Wiener was the first child of Leo Wiener and Bertha Kahn, both Ashkenazi Jews of Polish and German descent, respectively. Employing teaching methods of his own invention, Leo educated Norbert at home until 1903, except for a brief interlude when Norbert was 7 years of age. Wiener became a child prodigy partly due to his father's tutelage. Earning his living teaching German and Slavic languages, Leo read widely and accumulated a personal library from which the young Norbert benefited greatly. Leo also had ample ability in mathematics, and tutored his son in the subject until he left home.

After graduating from Ayer High School during 1906 at 11 years of age, Wiener entered Tufts College. He was awarded a BA for mathematics during 1909 at the age of 14, whereupon he began graduate studies of zoology at Harvard. During 1910 he transferred to Cornell to study philosophy.

Harvard

The next year he returned to Harvard, while still continuing his philosophical studies. Back at Harvard, Wiener became influenced by Edward Vermilye Huntington, whose mathematical interests ranged from axiomatic foundations to engineering problems. Harvard awarded Wiener a Ph.D. during 1912, when he was merely 18 years old, for a dissertation on mathematical logic, supervised by Karl Schmidt, the essential results of which were published as Wiener (1914). In that dissertation, he was the first to state publicly that ordered pairs can be defined in terms of elementary set theory. Hence relations can be defined by set theory, so that the theory of relations does not require any axioms or primitive notions distinct from those of set theory.

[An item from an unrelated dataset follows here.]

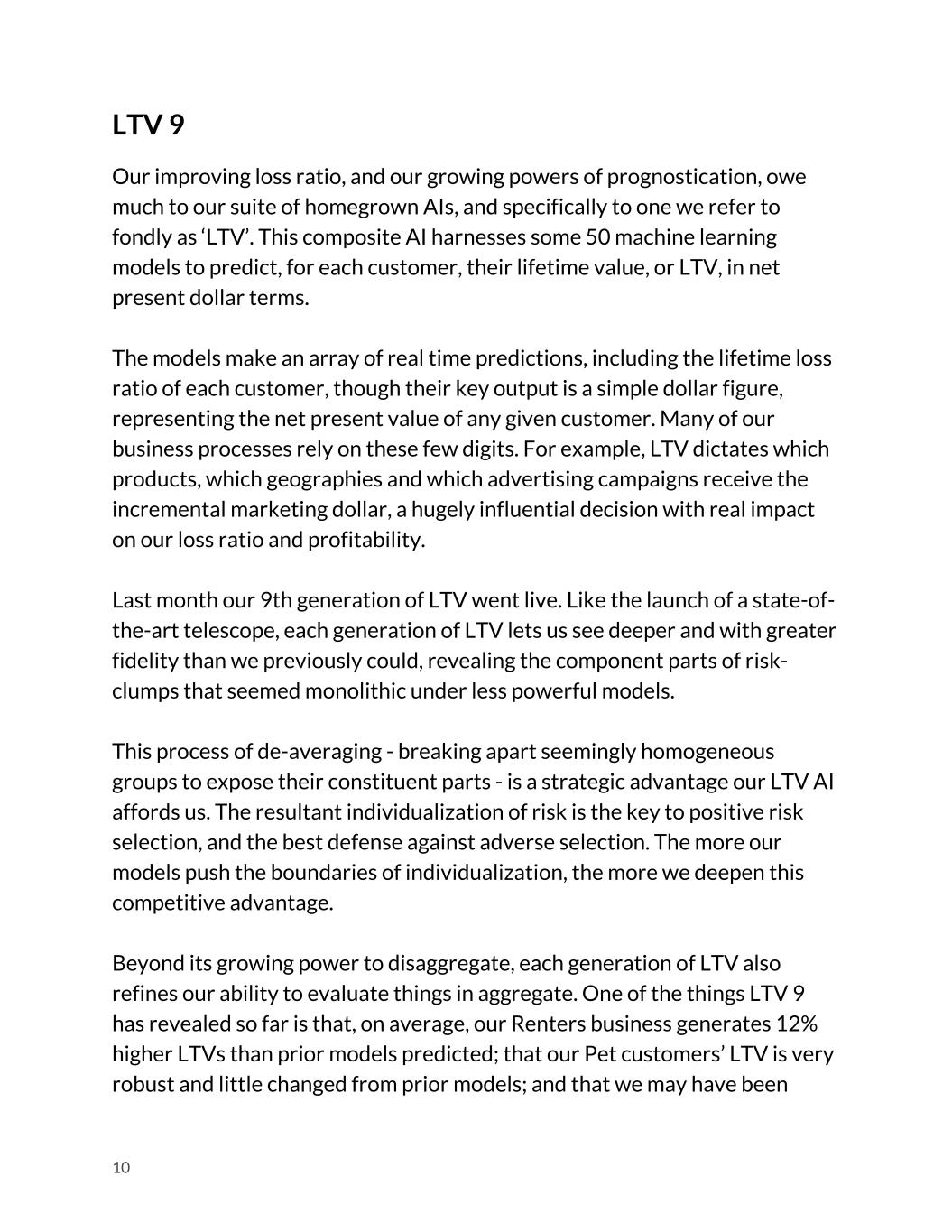 LTV 9 Our improving loss ratio, and our growing powers of prognostication, owe much to our suite of homegrown AIs, and specifically to one we refer to fondly as ‘LTV’. This composite AI harnesses some 50 machine learning models to predict, for each customer, their lifetime value, or LTV, in net present dollar terms. The models make an array of real time predictions, including the lifetime loss ratio of each customer, though their key output is a simple dollar figure, representing the net present value of any given customer. Many of our business processes rely on these few digits. For example, LTV dictates which products, which geographies and which advertising campaigns receive the incremental marketing dollar, a hugely influential decision with real impact on our loss ratio and profitability. Last month our 9th generation of LTV went live. Like the launch of a state-of- the-art telescope, each generation of LTV lets us see deeper and with greater fidelity than we previously could, revealing the component parts of risk- clumps that seemed monolithic under less powerful models. This process of de-averaging - breaking apart seemingly homogeneous groups to expose their constituent parts - is a strategic advantage our LTV AI affords us. The resultant individualization of risk is the key to positive risk selection, and the best defense against adverse selection. The more our models push the boundaries of individualization, the more we deepen this competitive advantage. Beyond its growing power to disaggregate, each generation of LTV also refines our ability to evaluate things in aggregate. One of the things LTV 9 has revealed so far is that, on average, our Renters business generates 12% higher LTVs than prior models predicted; that our Pet customers’ LTV is very robust and little changed from prior models; and that we may have been 10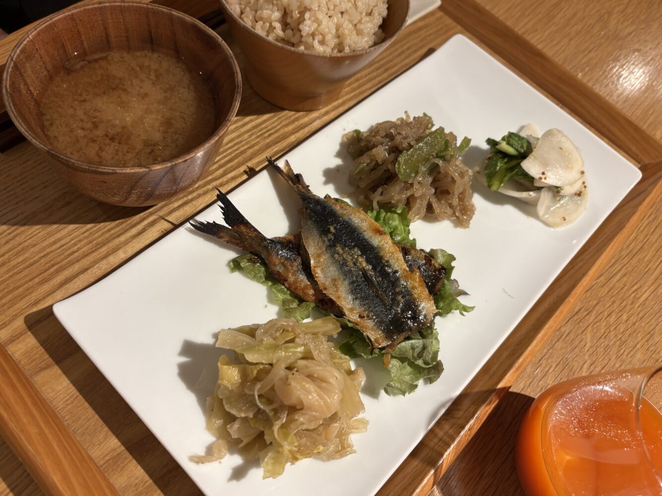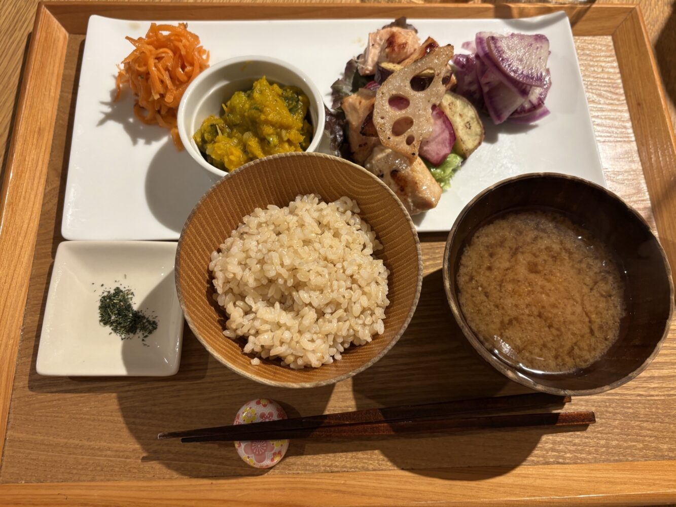 メニューがいくつかあって私はお野菜ゴロゴロ塩麹の胸肉がメインの御膳をいただきました❣️

During 1921, Kazimierz Kuratowski proposed a simplification of Wiener's definition of ordered pairs, and that simplification has been in common use ever since.

During 1914, Wiener traveled to Europe, to be taught by Bertrand Russell and G. H. Hardy at Cambridge University, and by David Hilbert and Edmund Landau at the University of Göttingen. During 1915-16, he taught philosophy at Harvard, then worked for General Electric and wrote for the Encyclopedia Americana. When World War I began, Oswald Veblen invited him to work on ballistics at the Aberdeen Proving Ground in Maryland. Thus Wiener, an eventual pacifist, wore a uniform during 1917-18. Living and working with other mathematicians strengthened his interest in mathematics.

After the war

After the war, Wiener was unable to secure a position at Harvard and was rejected for a position at the University of Melbourne. At W. F. Osgood's invitation, Wiener became an instructor of mathematics at MIT, where he spent the remainder of his career, becoming promoted eventually to Professor.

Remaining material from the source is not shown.